◆ What the task asks
In your copy of the records, include every word exactly and no pictures.

────

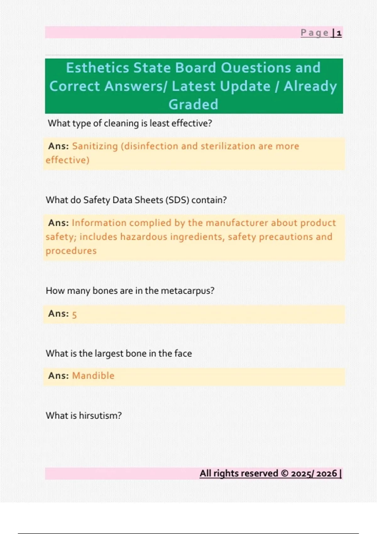 What type of cleaning is least effective? Ans: Sanitizing (disinfection and sterilization are more effective) What do Safety Data Sheets (SDS) contain? Ans: Information complied by the manufacturer about product safety; includes hazardous ingredients, safety precautions and procedures How many bones are in the metacarpus? Ans: 5 What is the largest bone in the face Ans: Mandible What is hirsutism? Page | 2 Ans: Excessive hair growth on the face, arms and legs...especially in women What skin type has small pores? Ans: Dry What is Staphlococci? Ans: A pus forming bacteria that grows in clusters causing abscesses, pustules and boils What makes oil and water mix? Ans: Emulsifiers are surfactants that cause oil and water to mix to form an emulsion What is the medical term for lice? Ans: Pediculosis capitis What is the burning ray? Ans: UVB All rights reserved © 2025/ 2026 | Page | 3 Who is the least/last to ag
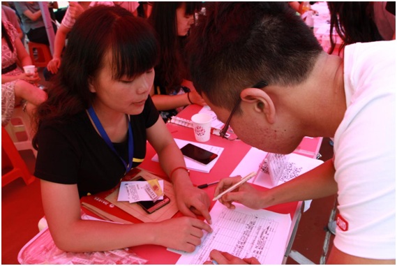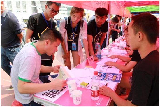 迎新工作小组耐心指导新生填写个人信息
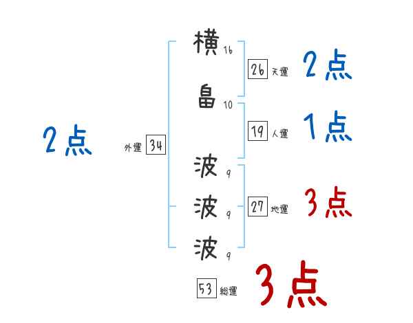 総運![]() | 横畠波波波さんの総運は53画の3つ星!やや見栄っ張りで虚栄心がある。散財に注意。 あなたの人生を表す1番重要な運勢です。生涯を通じて影響する総合運となり、主に50歳以降の晩年期に影響を及ぼします。 |
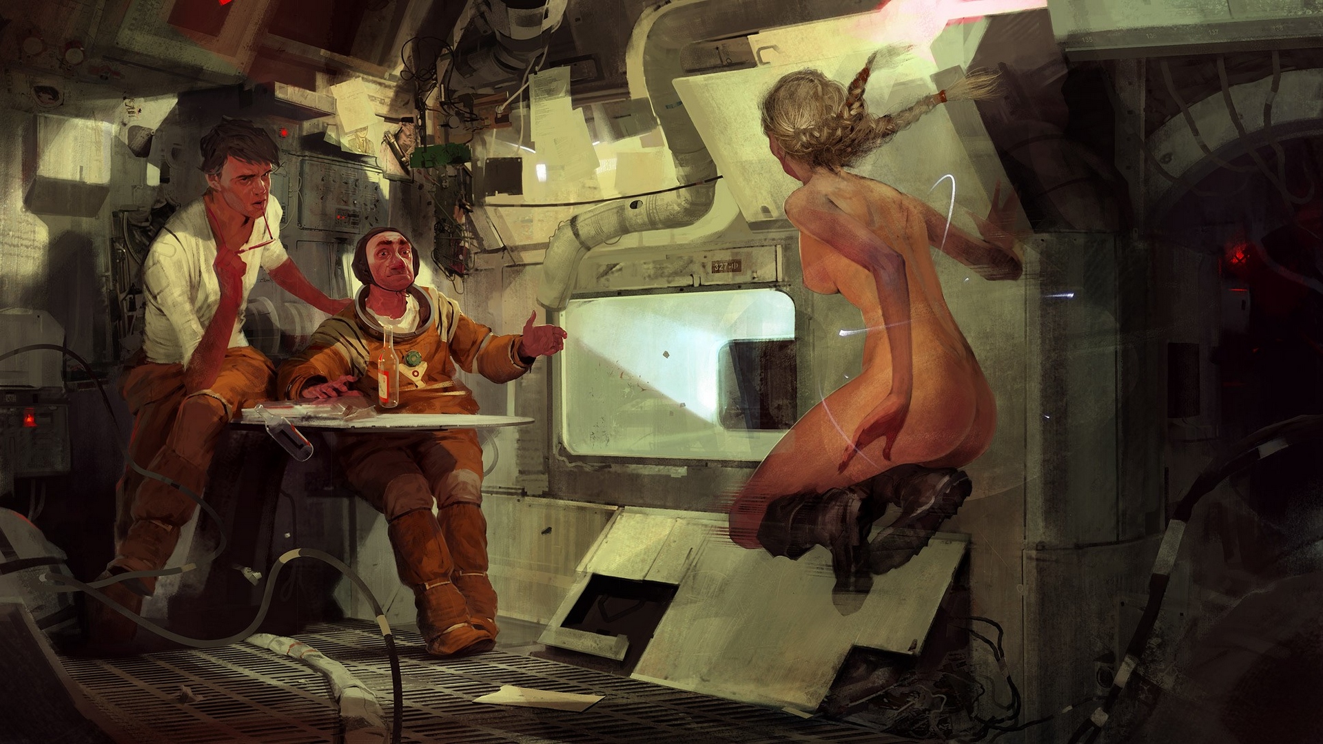 Description: A couple of people sitting at a table in a room with a tv and a mirror on the wall.
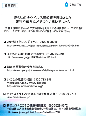 新型コロナウイルス感染症に関して、相手に対して心ない言葉かけをしたり、不適切な態度をとったりすることのないように、ご家庭でもお子様と一緒に話し合っていただくようよろしくお願いいたします。

────

◆ Task output
 What type of cleaning is least effective? Ans: Sanitizing (disinfection and sterilization are more effective) What do Safety Data Sheets (SDS) contain? Ans: Information complied by the manufacturer about product safety; includes hazardous ingredients, safety precautions and procedures How many bones are in the metacarpus? Ans: 5 What is the largest bone in the face Ans: Mandible What is hirsutism? Page | 2 Ans: Excessive hair growth on the face, arms and legs...especially in women What skin type has small pores? Ans: Dry What is Staphlococci? Ans: A pus forming bacteria that grows in clusters causing abscesses, pustules and boils What makes oil and water mix? Ans: Emulsifiers are surfactants that cause oil and water to mix to form an emulsion What is the medical term for lice? Ans: Pediculosis capitis What is the burning ray? Ans: UVB All rights reserved © 2025/ 2026 | Page | 3 Who is the least/last to ag
 迎新工作小组耐心指导新生填写个人信息
 総運![]() | 横畠波波波さんの総運は53画の3つ星!やや見栄っ張りで虚栄心がある。散財に注意。 あなたの人生を表す1番重要な運勢です。生涯を通じて影響する総合運となり、主に50歳以降の晩年期に影響を及ぼします。 |
 Description: A couple of people sitting at a table in a room with a tv and a mirror on the wall.
 新型コロナウイルス感染症に関して、相手に対して心ない言葉かけをしたり、不適切な態度をとったりすることのないように、ご家庭でもお子様と一緒に話し合っていただくようよろしくお願いいたします。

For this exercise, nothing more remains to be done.